Am 23. November 2017 wurde Heidi Zinggeler Fuhrer zur Vizepräsidentin gewählt und vertrat in dieser Rolle unseren Verband in vielen wichtigen Gremien. In dieser Position, aber auch schon früher, exponierte sich Heidi für den Verband auch in diversen Kampagnen, Initiativen (Hausarztmedizin und Kinder ohne Tabak) sowie diversen Medienveranstaltungen. Zudem packte sie mit viel Enthusiasmus das schwierige Thema der geldwerten Mitgliedervorteile an und baute das Ressort «Dienstleistungen und Events» auf.
Aufgrund der in den Statuten festgehaltenen Amtszeitbeschränkung hätten die beiden 2022 offiziell aus dem Vorstand zurücktreten sollen. Beide stellten sich dankenswerterweise trotzdem zur Wiederwahl, weil keine Nachfolge in Sicht war. Da sich inzwischen mittelfristig Nachfolgelösungen abzeichnen, ist es damit Zeit, sich von Heidi Zinggeler Fuhrer und Rolf Temperli zu verabschieden
Damit verbunden ist ein grosses Dankeschön.
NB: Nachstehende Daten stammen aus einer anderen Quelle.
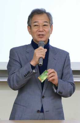 開会挨拶を行う山本 健慈 学長 講演を行う山本 朗 副支援室長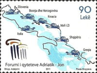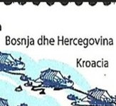 90-leke postage stamp depicts map of Adriatic and Ionian Seas, but inscriptions of Bosnia-Herzegovina and Croatia are transposed.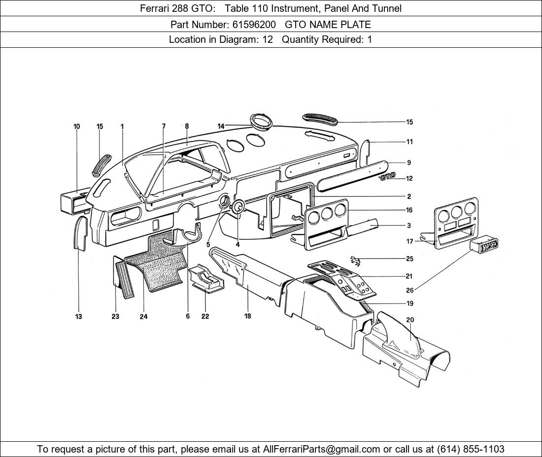 Ferrari Part 61596200, GTO NAME PLATE, shown here as used in Ferrari 288 GTO Table 110 Instrument, Panel And Tunnel.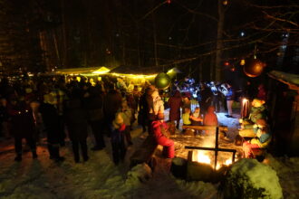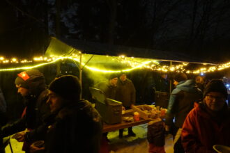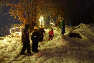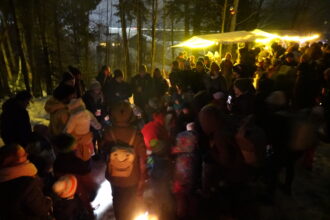Eine grosse Schar von Kindern begleitet von ihren Eltern und Grosseltern zog mit Fackeln vom Zeughausplatz zur Feuerstelle im Carl-Zürcher-Wald. Der schneebedeckte Weg war ziemlich rutschig, aber auch stimmungsvoll beleuchtet. Oben angekommen, gaben die Kinder die Fackeln ab, und die Gastwirte gaben köstliche Gerstensuppe sowie Punsch und Glühwein aus.

Die beiden haben sich über viele Jahre für die wichtigen Haus- und Kinderarztthemen eingesetzt, sich persönlich stark mit den Anliegen der mfe-Mitglieder identifiziert und für die nachhaltige Weiterentwicklung unseres Verbandes engagiert.
Mitglieder, Delegierte, Vorstand und Geschäftsstelle bedanken sich herzlich für zehn Jahre Zusammenarbeit und für den grossen persönlichen Einsatz!

Ressort Tarife

Unter der Leitung von Heidi Zinggeler Fuhrer und Rolf Temperli wurden im Ressort Tarife bei mfe wichtige Fortschritte erzielt und Rückschritte verhindert:
Noch unter ihrer Vorgängerin Franziska Zogg und unter der Schirmherrschaft der Initiative «Hausarztmedizin» erfolgreich verhandelt:
  • Hausarztzuschlag im TARMED,
  • Labor: schnelle Analysen zu besseren Tarifen für das Praxislabor.
Beim zweiten Tarifeingriff des BR 2017/18:
  • Einebnung der quantitativen Dignität, gleichbedeutend mit einer Anhebung für AIM und KJM, keine Anhebung für praktizierende Ärzte,
  • aber auch: verschiedene Limitationen (allerdings mit Ausnahmen bzw. mehr Spielraum mit Rücksicht auf Hausarztpraxen).
Verhandlungen für TARDOC:
  • akribische, sehr aufwändige, technisch anspruchsvolle Detailarbeiten an einem neuen Tarif über viele Jahre,
  • trotz hohem Frustpotenzial immer konstruktiv und hartnäckig mitgearbeitet im Interesse der Haus- und Kinderärztinnen und -ärzte,
  • hervorragende, dossiersichere und kompetente FMH-interne Vertretung der Tarifinteressen der Grundversorger,
  • Positionen für nichtärztliche Leistungen ausgehandelt als wichtige Forderung für die Hausarztpraxen,
  • wichtige, zuverlässige und kompetente Partner innerhalb der FMH mit gutem Gespür für das (politisch) Machbare.
Tarifauskünfte:
  • kompetente Beantwortung von zahllosen Tarifanfragen an mfe,
  • Etablierung von Tarifkursen im Rahmen der mfe Academy.
  • Viele Stellungnahmen und Texte zur politischen Positionierung und Interessenvertretung.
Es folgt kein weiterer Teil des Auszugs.